An OpenSSL implementation is not something the QUIC community wants. The leaders of the MSQUIC, gQUIC, Curl, and Node projects have all spoken out against OpenSSL implementing QUIC. Many people in the community commented in PR 8797 against the OpenSSL plan, including Lars Eggert, IETF Chair and former QUIC WG Chair, Martin Duke, IETF Transport Area Director, and Lucas Pardue, co-chair of the QUIC WG.

It is important to realize that QUIC is not "done." While the initial documents are RFCs, looking at https://datatracker.ietf.org/wg/quic/documents/, shows that there are nearly a dozen drafts in preparation. Certainly not all of them will advance to RFC, but many will. Also, other IETF WG's are using QUIC, include ALPS in the TLS WG, and the multiplexed transport on top of QUIC known as MASQUE WG. There will be *significant* progress on QUIC during the time OpenSSL is distracted by playing catch-up. As little work can be done by anyone on new features until a full-featured implementation is available, OpenSSL will forever lag behind.

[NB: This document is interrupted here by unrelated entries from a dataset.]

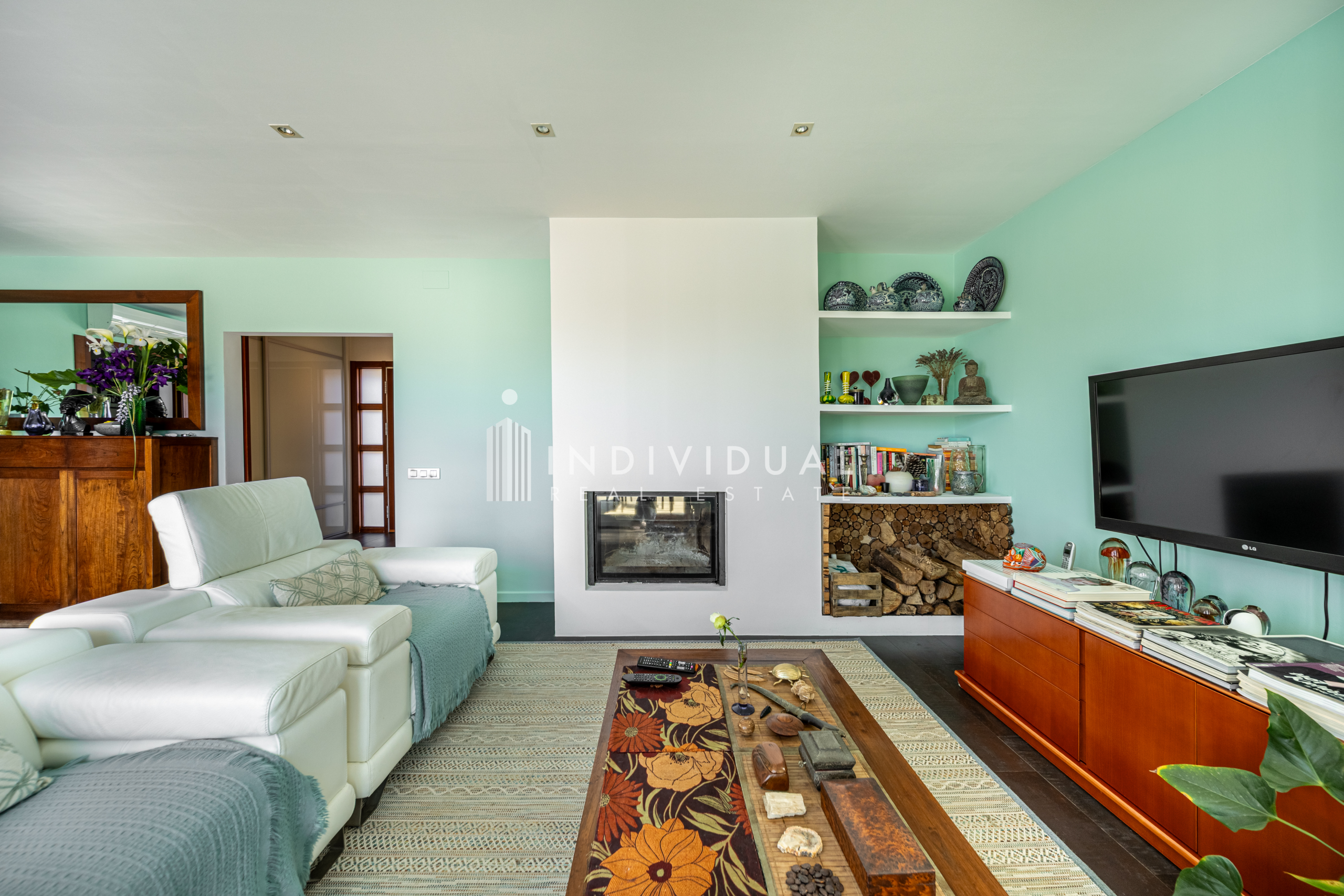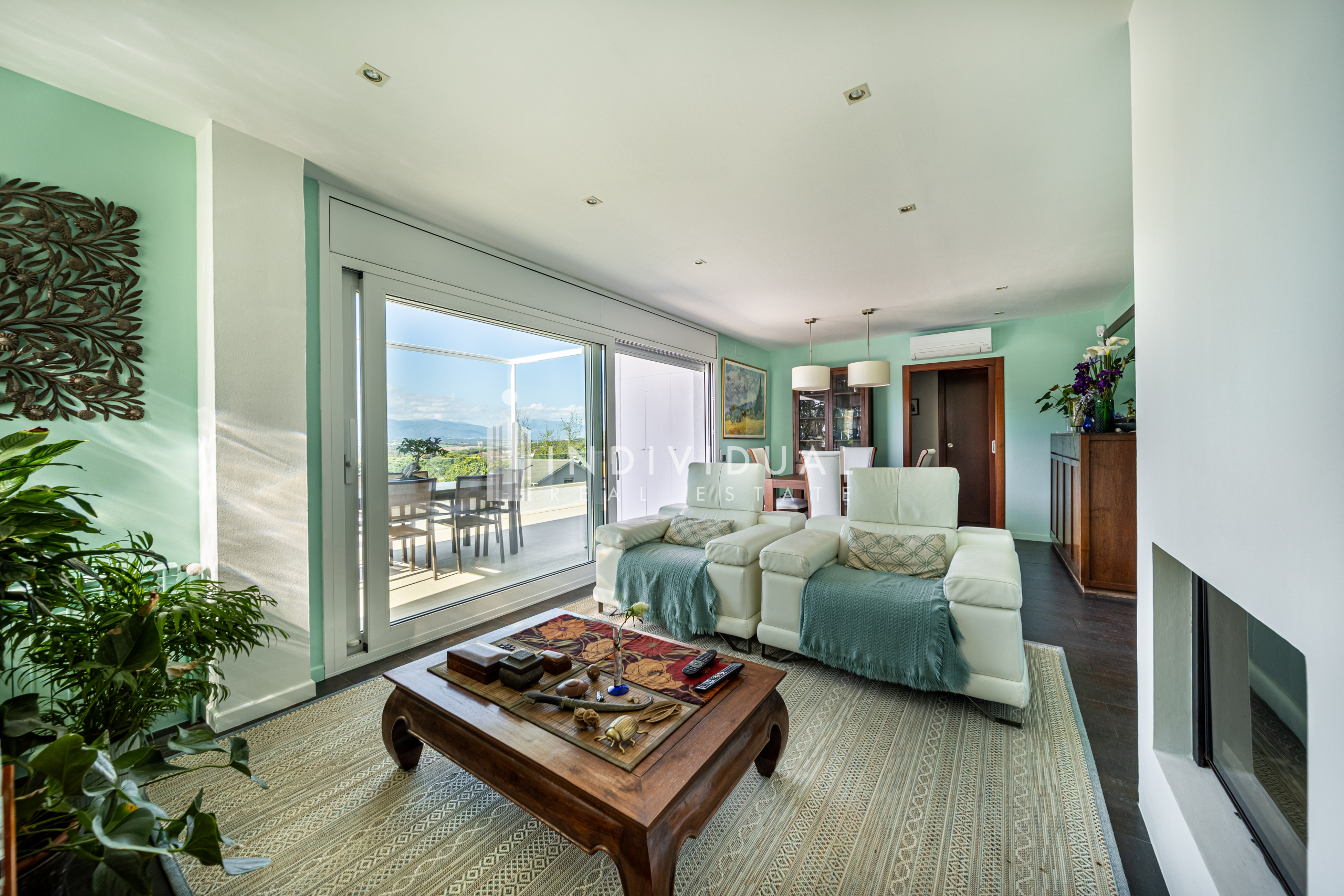 El salón-comedor, con chimenea y grandes ventanales, se abre a la terraza, aportando luz natural y una conexión directa con el exterior.
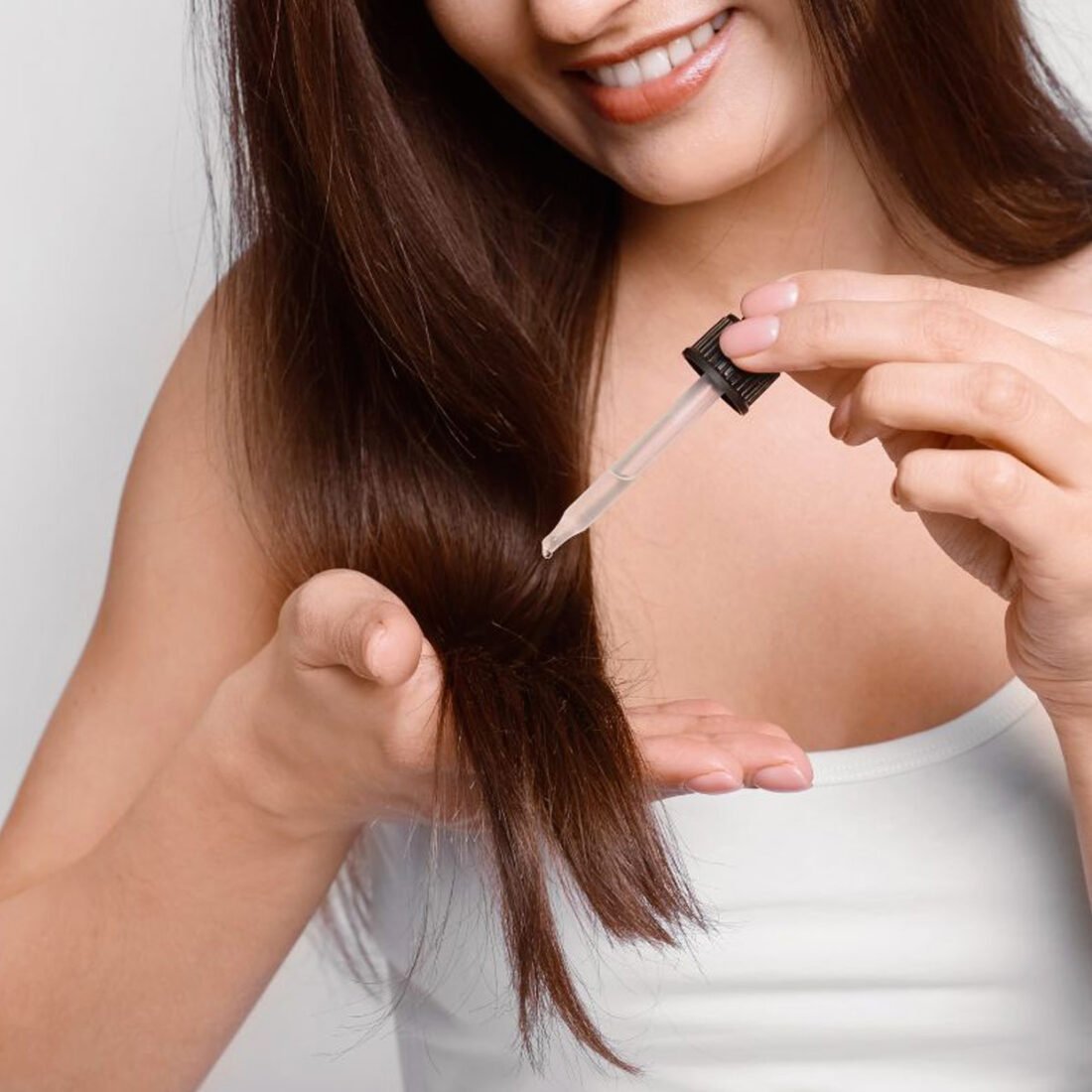 Nos cabelos: hidrata, dá brilho, maciez, diminui o frizz, pontas duplas e a queda de cabelo.
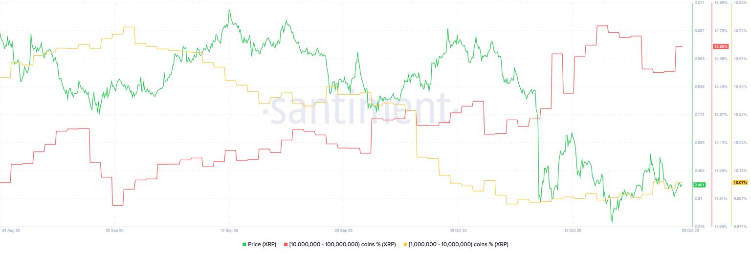 随着价格波动,大量 XRP 持有者,尤其是持有 100 万至 1000 万枚 XRP 的“鲸鱼”正在大举买入。Santiment 数据显示,这些“鲸鱼”在 10 月 10 日去杠杆事件发生前就开始购买 XRP,该事件导致 190 亿美元的加密资产被清算。目前,“鲸鱼”持有 XRP 总供应量的 12.65%,高于 10 月 6 日的 12.16%。
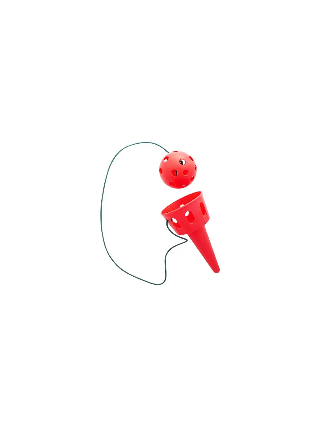 Juego popular provisto de cucurucho y pelota con agujeros unidos mediante cordón elástico de 70 cm.
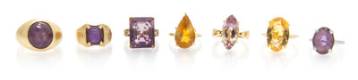 consisting of seven rings, one containing a round cabochon cut star ruby, one ring containing an octagonal step cut amethyst and two round single cut diamonds weighing approximately 0.04 carat total, one ring containing one oval mixed cut citrine, one ring with one marquise mixed cut rose quartz, one ring with one pear shape mixed cut citrine, one ring with one oval mixed cut amethyst and one ring with one octagonal step cut purple glass.Stamp: 14K.
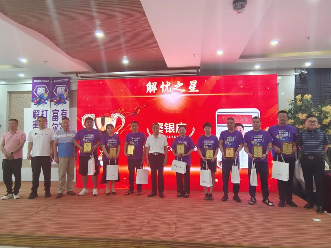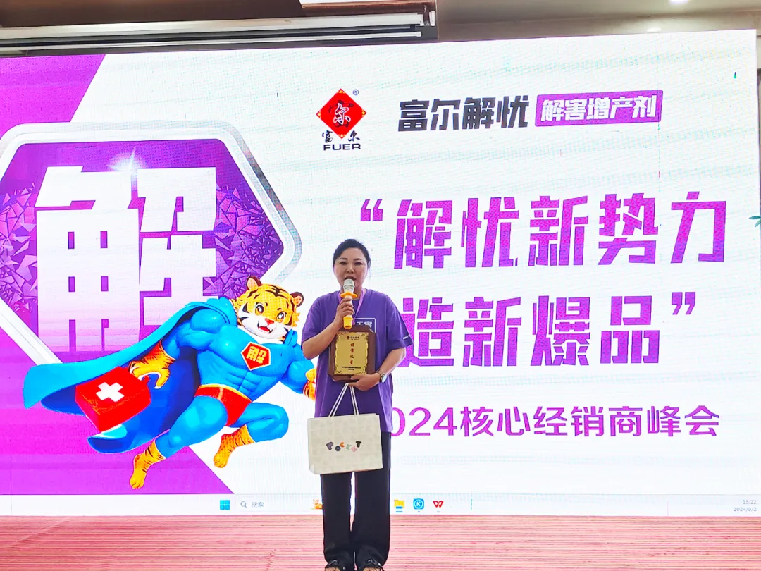 会上,为了表彰2024年度为富尔“解忧”推广工作做出突出贡献的优秀经销商,大会还举行了隆重的颁奖仪式。颁奖仪式上富尔农艺董事长张立、监事会主席邵习东、副总经理张鑫、副总经理张天罡等领导先后上台为获得“销售之星”奖、“解忧之星”奖、“明日之星”奖、“推广之星”奖的获奖经销商颁发了奖品和荣誉奖牌。
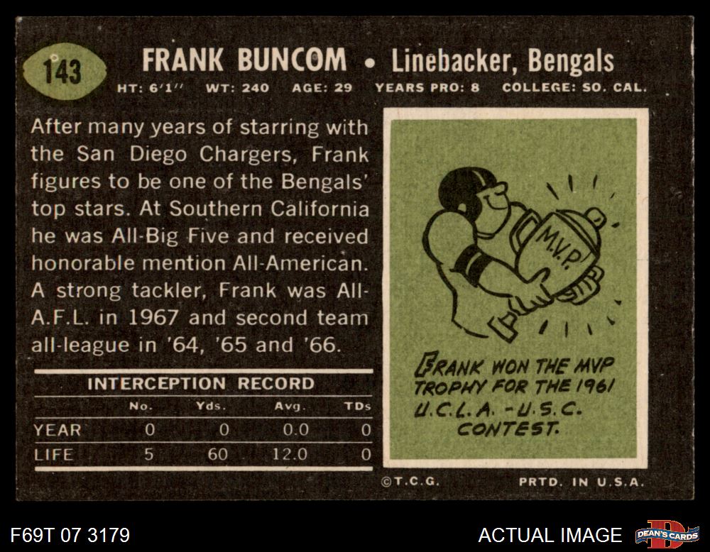 1969 Topps #143 Frank Buncom
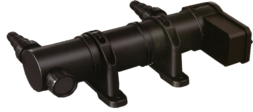 Selve UV-C filteret monteres på land og kobles på pumpeslangen.
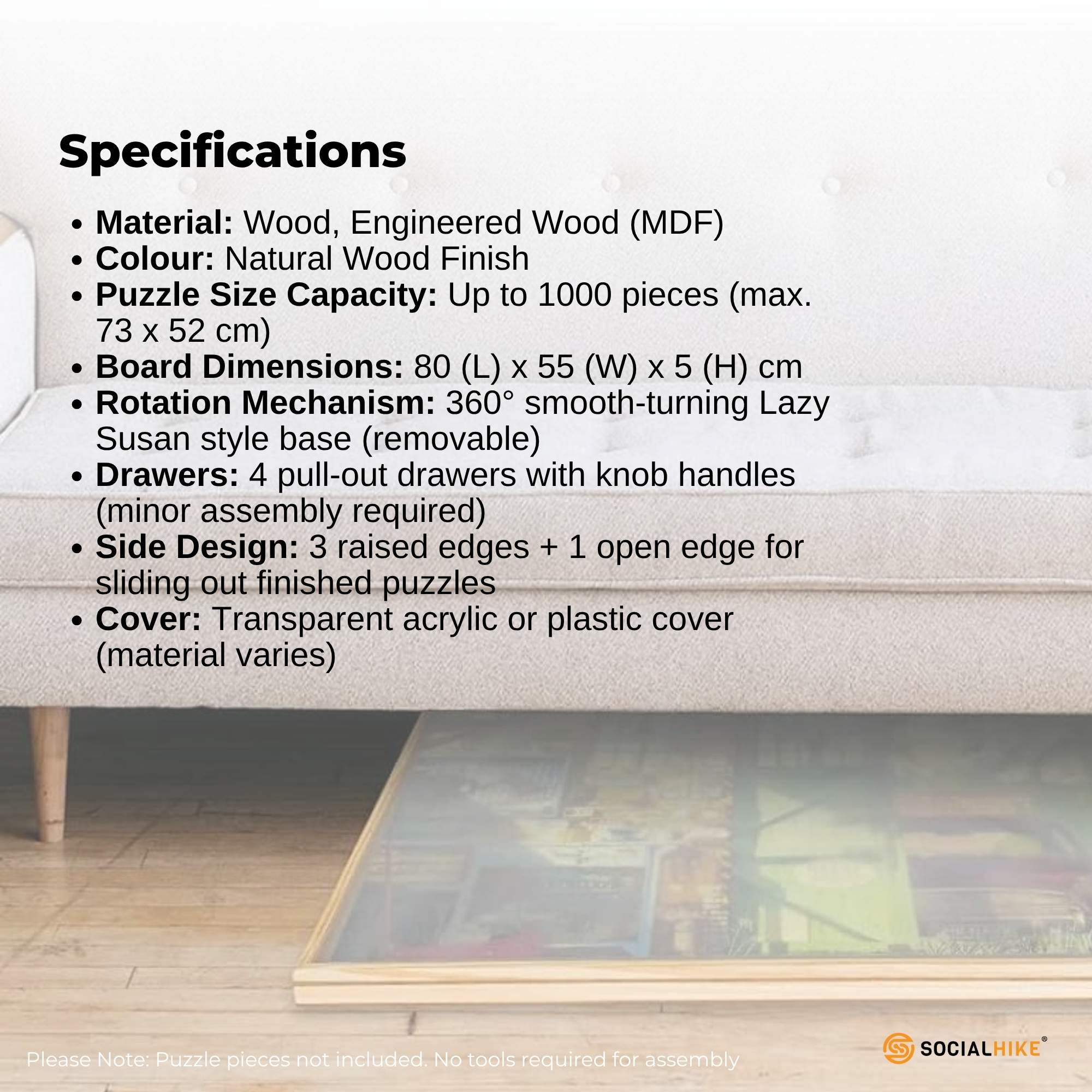Social Hike 1000pcs Puzzle Board 4 Drawer with Cover – Wooden Rotating Tabletop

By focusing on QUIC, the project is also not serving its existing community. The OMC plan has already tossed aside DTLS 1.3, no matter when it is finished. What other worthwhile, standardized, work will be given short shrift? The plan makes no mention of existing PR's, or possible new ones.

Now speaking for myself, I am concerned that the the implementation of the stated plan will not be good. The performance impact of the 3.0 provider interface have not been fully quantified, but experience shows the overhead is significant. For example, Microsoft recommends avoiding the 3.0 version of QuicTLS for performance reasons. I also suggest a careful reading of IETF RFC 9001. While it is possible to do a "pluggable" record implementation, that RFC and wide implementation experience, shows that it is not necessary. This is not like a new crypto algorithm or provider; a pluggable record layer to accommodate TLS, DTLS, KTLS, and QUIC, seems like a fool's errand, perhaps brought on by the hubris of thinking that the world needs OpenSSL to implement QUIC.  It doesn't.  It needs OpenSSL to implement OpenSSL cryptography.

Thank you for having read this far. I apologize if my strong language offended anyone, that was not my intent. I only wish to convey, as strongly as possible through the medium of email, that the path the project is on is bad and will force people to leave.  To repeat something I've seen posted before, "No matter how far down the wrong road you've gone, turn back."